Since embryonic stem cells are made from the internal cells of the embryo (the inner cell mass), the inner cell mass cells from cloned embryos are rather normal (ML Condic, Cell Proliferation 41, suppl 1: 7-19).  However, the outer layer of cells (trophectoderm) that engage the endometrium and work with it to implant the embryo into the inner layer of the uterus do not differentiate normally in cloned embryos (DR Arnold et al. Reproduction 132, no. 2 (2006): 279­-90).  Trophoblast cells  in cloned embryos are normal at the early stages (S. Kishigami et al., FEBS Letters 580, no. 7 (2006): 1801-6), but they go on to make abnormal placentas (DR Arnold et al, Placenta 29 Suppl A (2007): S108-10).

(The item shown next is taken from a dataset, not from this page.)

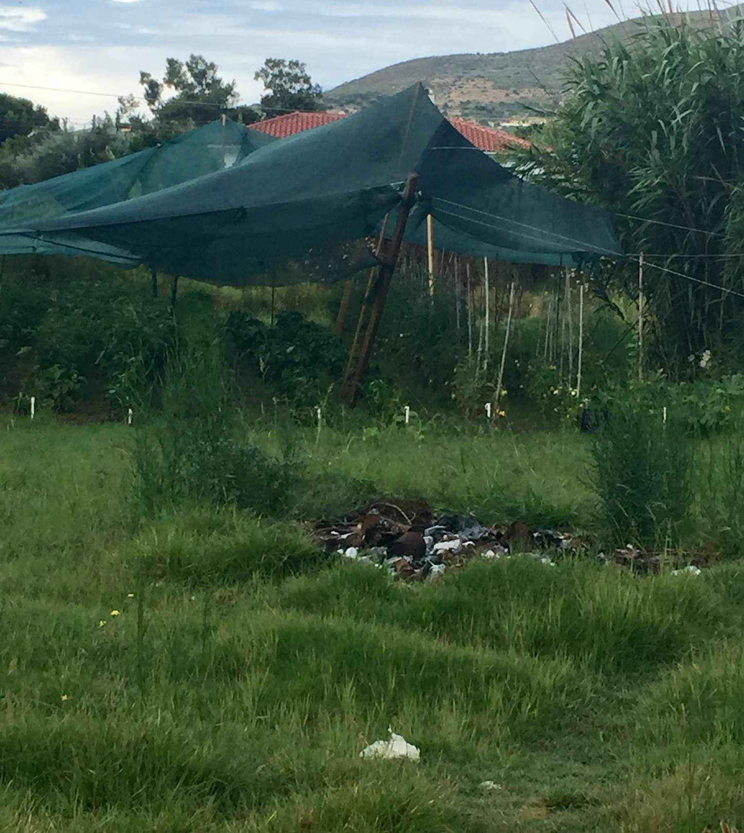verbrannte Gemüsedosen vor Gemüsegarten

Now this paper shows that the differentiating placenta of the cloned embryo does not interact normally with the surrogate mother’s uterus.  This is probably one of the main reasons why cloned embryos and fetuses tend to die prior to birth.  The endometrial cells of the mothers who were carried the cloned embryos showed substantial variation in the genes they expressed in comparison to endometria that carried in vitro fertilized embryos (S. Bauersachs et al., PNAS 106, no. 14 (2009): 5681-6).  Thus cloned embryos fail to properly communicate with the mother’s uterus.

Implantation is a very complex process.  It requires cross talk between the embryo and the uterus.  Without this cross talk, implantation does not occur successfully.  Without successful implantation, the embryo perishes.

Here again we find another reason to not clone humans.  We are subjecting them to a process that is less robust than fertilization.  The chances of the embryo surviving are far less than an embryo concieved in the usual manner (fertilization).  We should simply ban this process in humans overall.